40.夜闇
このまま自宅まで走ってくれと告げると、ガタゴトと山道を走っていたタクシーが停止した。
「お客さん、冗談はやめてくださいよ。いくらかかると思ってるんですか!?」
「冗談は言ってないし、いくらかかったってかまわない」
落ち着いた声で返されて、驚いた運転手は、思わず背後を振り返った。
眼鏡をかけた少年と、その膝に頭を載せてこんこんと眠り続ける少女。
田舎の村では、滅多に目にすることのできない美貌の二人を見比べながら、白髪頭の運転手は困惑顔で頭をかいた。
「あの人はどうしたんです? 教会にいたでしょう? ほら、このお嬢さんの・・・」
何気なく少女を指差した途端、少年の切れ長の目が険しくなった。
あわてて言葉を飲み込んだ男は、逃げるように前に向き直った。
余計な詮索などしないで、淡々と仕事をこなすことは簡単だが、少年に抱きかかえられて運ばれてきたのは、他ならぬ自分が駅からここまで乗せてきた「お客さん」だった。

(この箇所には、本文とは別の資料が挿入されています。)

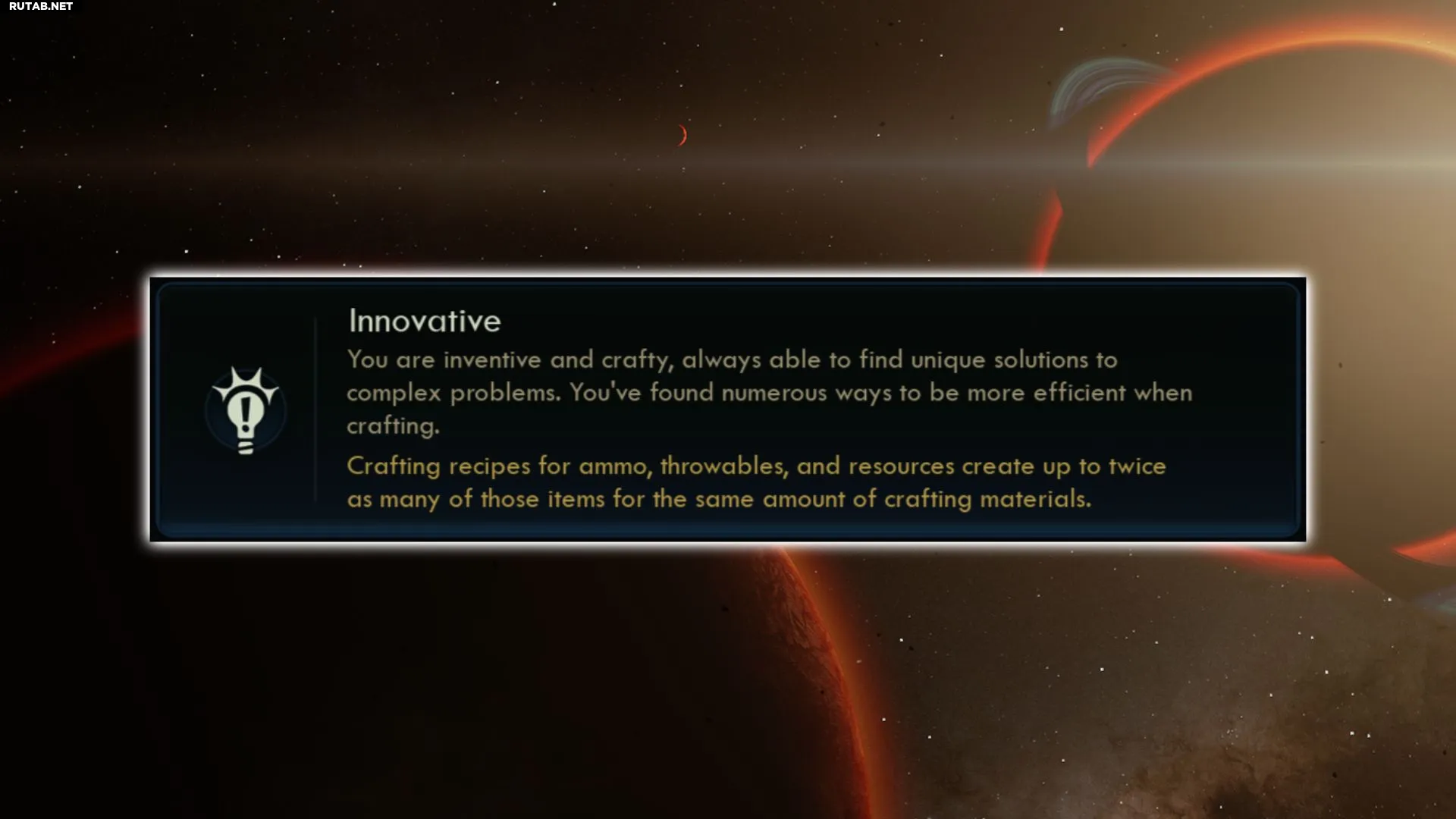 С чертой «Новаторский» вы будете создавать вдвое больше метательных снарядов, ресурсов и патронов при крафте. Выбирайте эту черту, если играете за бойца, чтобы ваши магазины всегда были полны.

この不景気の中、長距離を移動してくれること自体は歓迎だ。
だが、こんなに車が揺れているのに、少女はどうして目を覚まさない?
混乱した頭で車を発進させながら、男は昼間見た光景を思い出していた。
少女は墓参りに行くと言っていた。
今日は両親の命日で、教会で兄と会うことになっているのだと。
教会の隅に一台に車が停まっていた。
少女の兄だという青年は、墓地のある丘の上にいた。
黒いスーツ。
手には白い薔薇の花束。
教会の墓地に、これほどふさわしい姿はない。
最後にそっと振り返った時、丘を歩いていく二人の後姿が見えた。
自然に二人が寄り添う様を見て、わけもなくほっとしたのは、ほんの数時間前のことだ。
(あの青年はどうなったのだろう?)
全身に孤独をまといつかせたようなたたずまいは、若い頃に妻を亡くし、ずっと一人で生きてきた初老の男の目に今も焼きついたままだ。
(あの青年は・・・)
白い車は停まったままだったから、今も教会にいるはずだ。
外は真っ暗で、激しい雨が降っていた。
聞こえるのは、車のエンジン音と、車体を叩く雨の音だけ。
そっと視線を動かすと、バックミラーに映る少年は、唇を硬く引き結んだまま、睨むように窓の外を見つめていた。